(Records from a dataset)
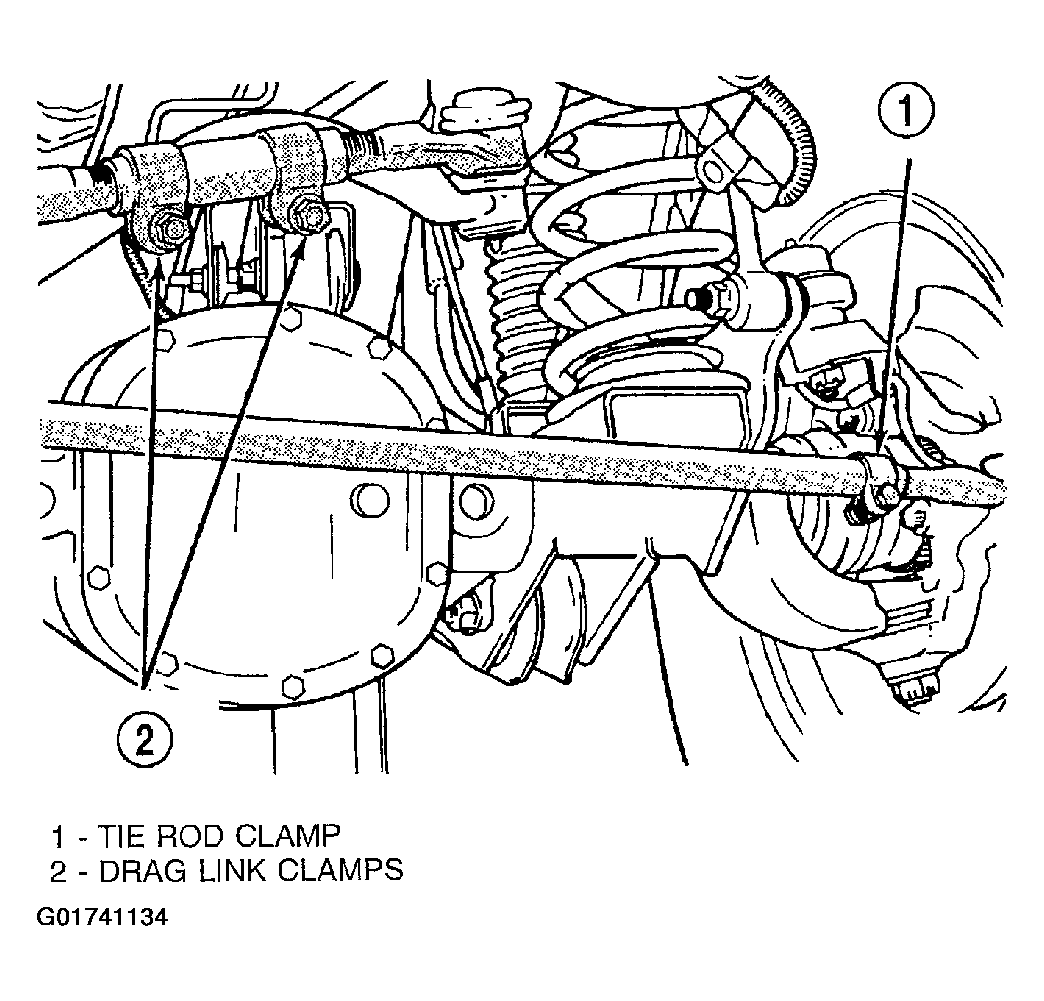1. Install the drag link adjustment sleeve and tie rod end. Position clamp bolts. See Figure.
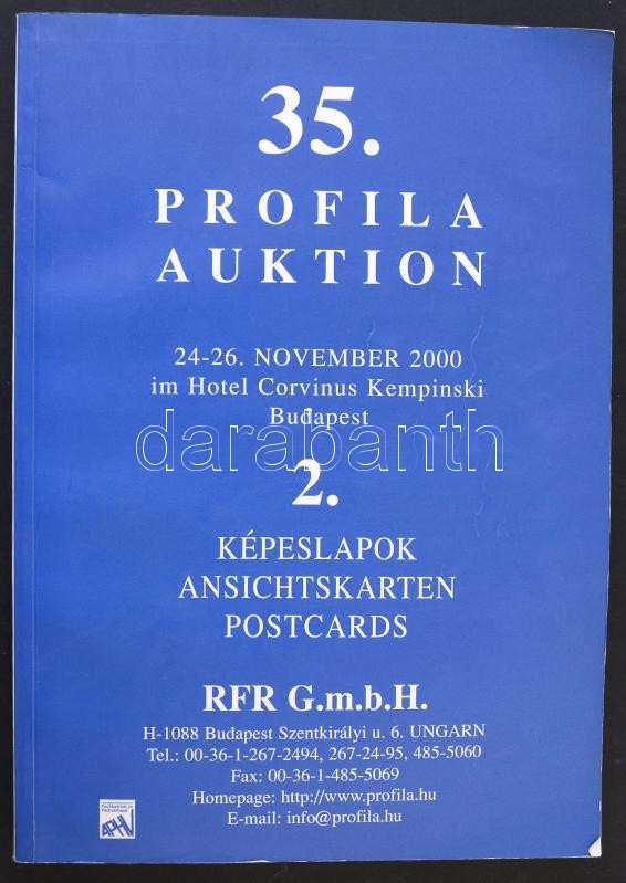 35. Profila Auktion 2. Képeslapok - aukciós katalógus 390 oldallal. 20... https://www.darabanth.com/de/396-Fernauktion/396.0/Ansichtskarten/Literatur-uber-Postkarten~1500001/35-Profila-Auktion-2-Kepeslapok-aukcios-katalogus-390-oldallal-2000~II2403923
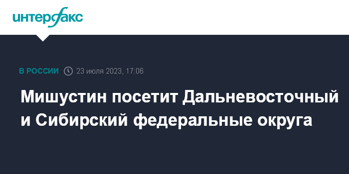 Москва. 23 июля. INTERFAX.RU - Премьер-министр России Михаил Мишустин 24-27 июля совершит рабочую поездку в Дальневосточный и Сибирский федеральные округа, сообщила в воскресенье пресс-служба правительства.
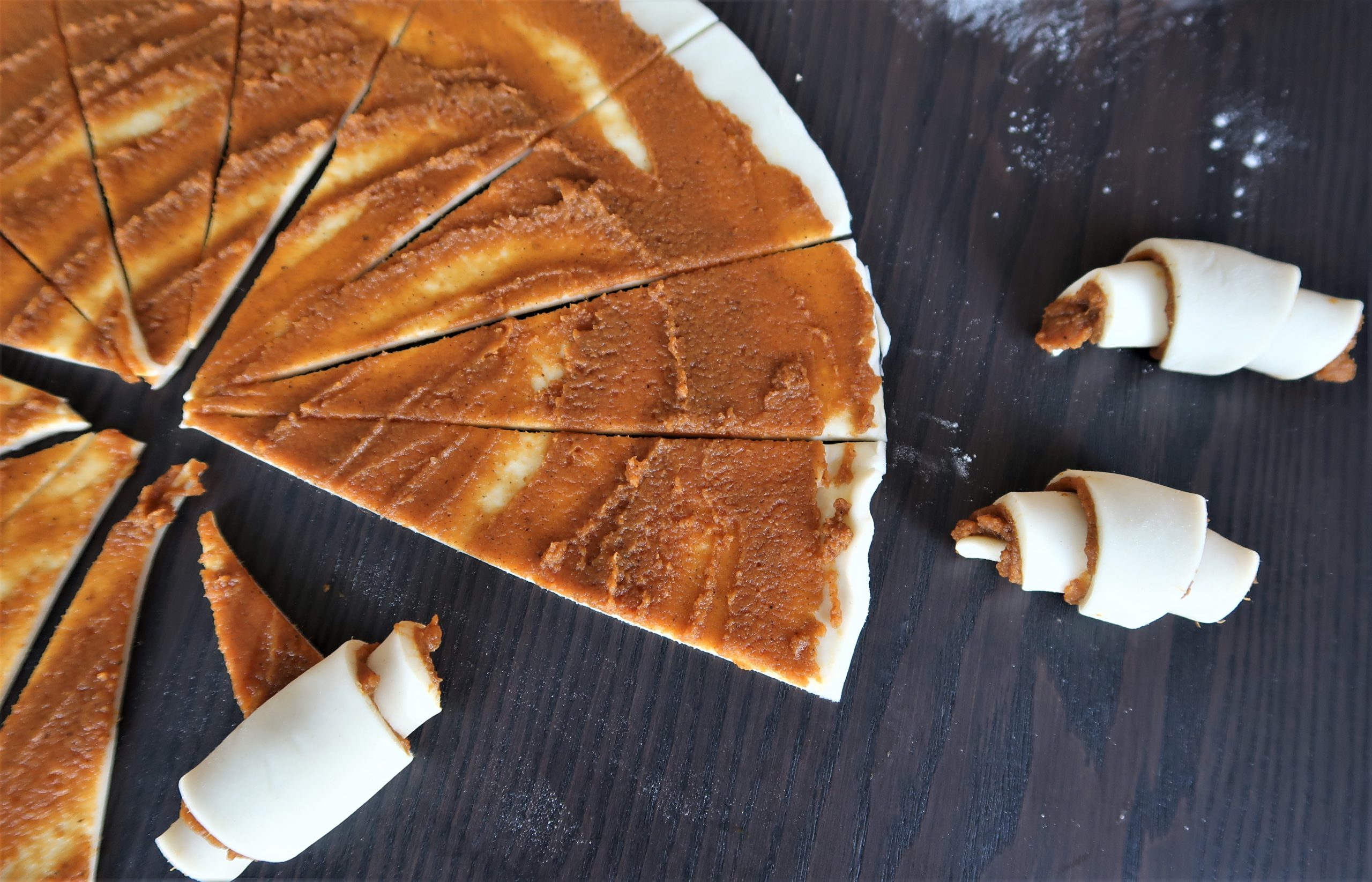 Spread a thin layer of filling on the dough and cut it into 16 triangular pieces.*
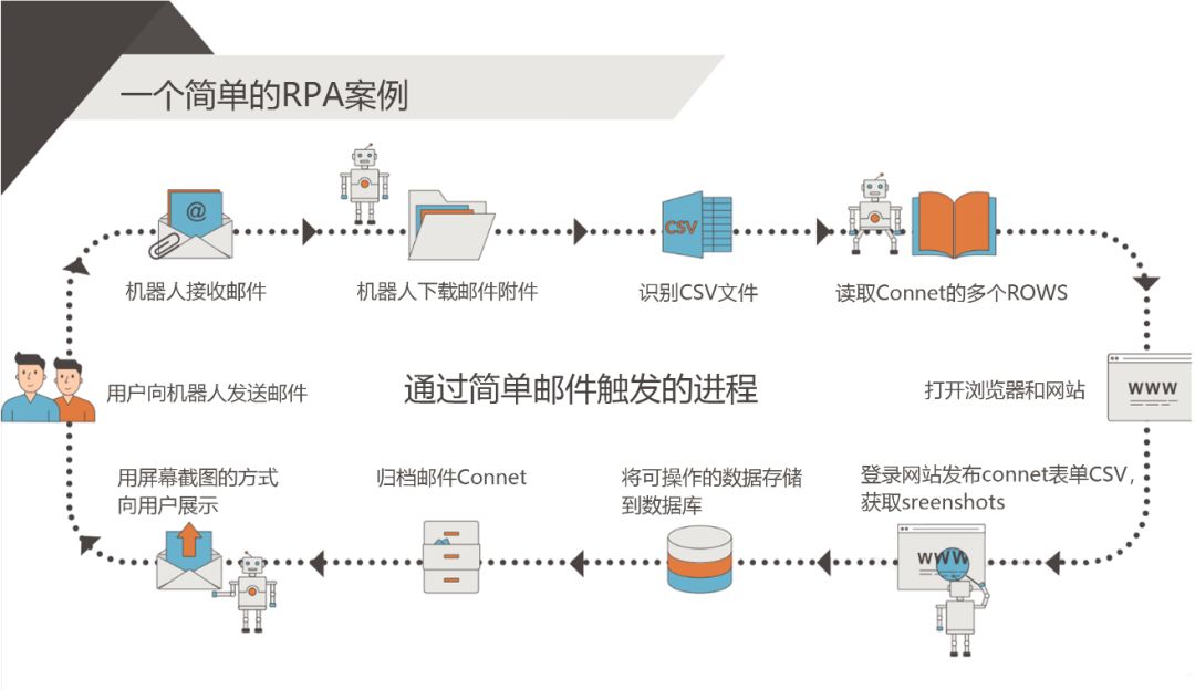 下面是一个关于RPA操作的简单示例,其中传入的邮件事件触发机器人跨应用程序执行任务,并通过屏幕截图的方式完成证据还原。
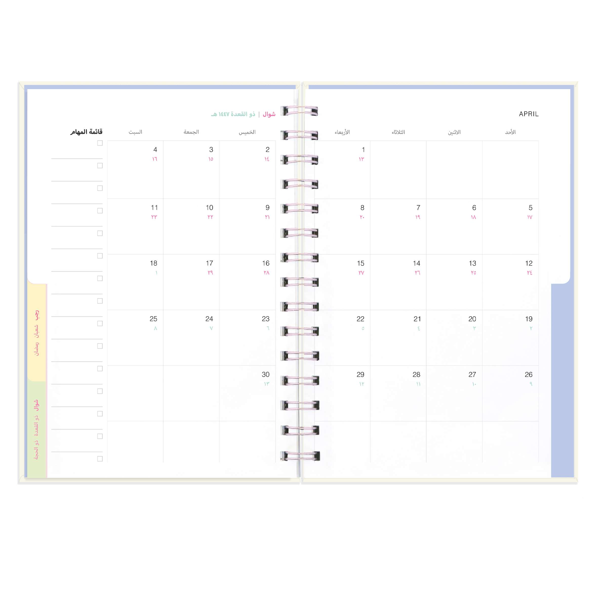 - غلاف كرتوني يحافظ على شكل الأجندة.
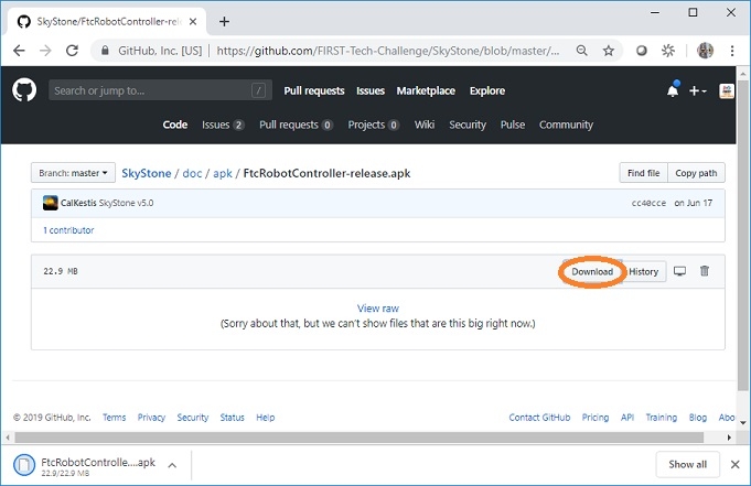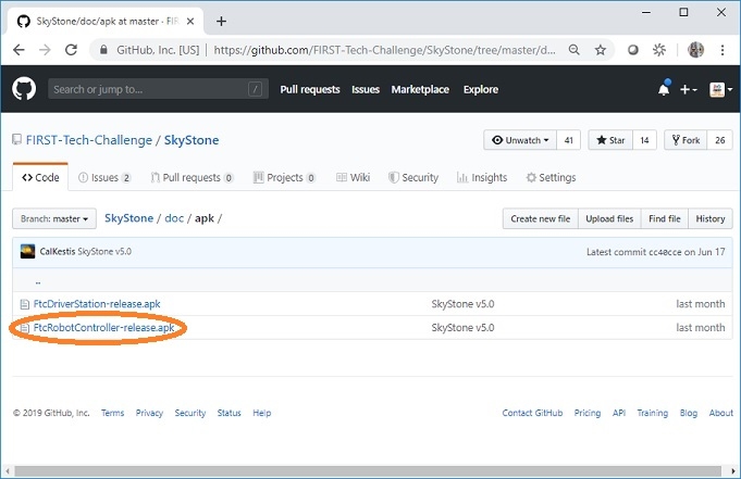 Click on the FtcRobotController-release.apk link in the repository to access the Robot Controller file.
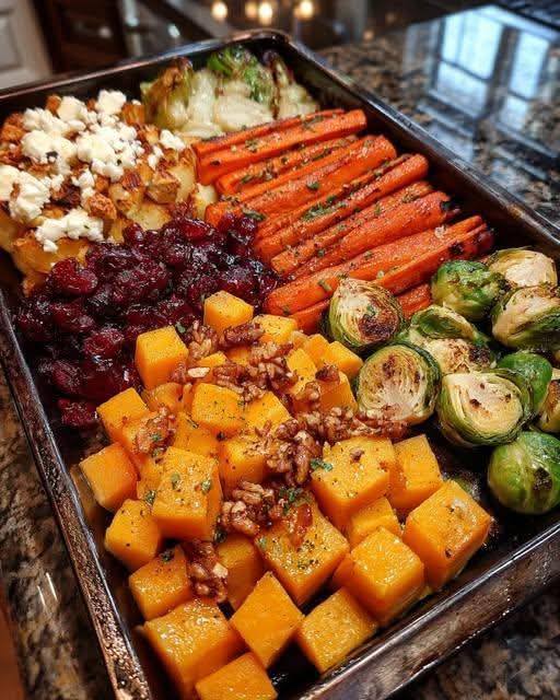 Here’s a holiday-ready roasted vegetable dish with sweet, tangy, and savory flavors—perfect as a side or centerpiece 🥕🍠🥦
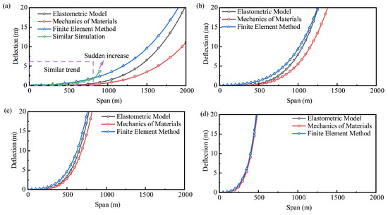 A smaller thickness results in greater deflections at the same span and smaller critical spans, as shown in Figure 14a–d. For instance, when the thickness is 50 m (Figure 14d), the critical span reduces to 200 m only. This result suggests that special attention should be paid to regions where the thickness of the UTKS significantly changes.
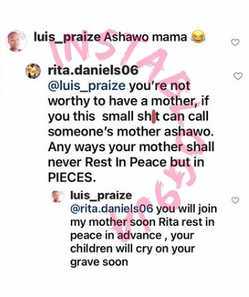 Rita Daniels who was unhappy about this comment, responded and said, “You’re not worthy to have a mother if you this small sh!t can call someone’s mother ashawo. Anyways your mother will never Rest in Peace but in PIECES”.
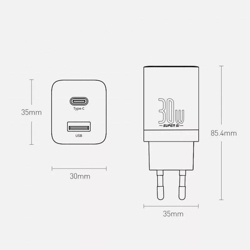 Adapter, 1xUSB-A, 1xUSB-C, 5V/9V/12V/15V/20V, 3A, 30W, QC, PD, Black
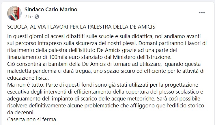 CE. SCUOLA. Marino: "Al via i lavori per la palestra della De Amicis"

Instructions for the task: Taking the records above, print only and exactly the lines from the line with "Москва. 23 июля." to the line with "Click on the", both kept, and exclude pictures.

Answer area:
 Москва. 23 июля. INTERFAX.RU - Премьер-министр России Михаил Мишустин 24-27 июля совершит рабочую поездку в Дальневосточный и Сибирский федеральные округа, сообщила в воскресенье пресс-служба правительства.
 Spread a thin layer of filling on the dough and cut it into 16 triangular pieces.*
 下面是一个关于RPA操作的简单示例,其中传入的邮件事件触发机器人跨应用程序执行任务,并通过屏幕截图的方式完成证据还原。
 - غلاف كرتوني يحافظ على شكل الأجندة.
 Click on the FtcRobotController-release.apk link in the repository to access the Robot Controller file.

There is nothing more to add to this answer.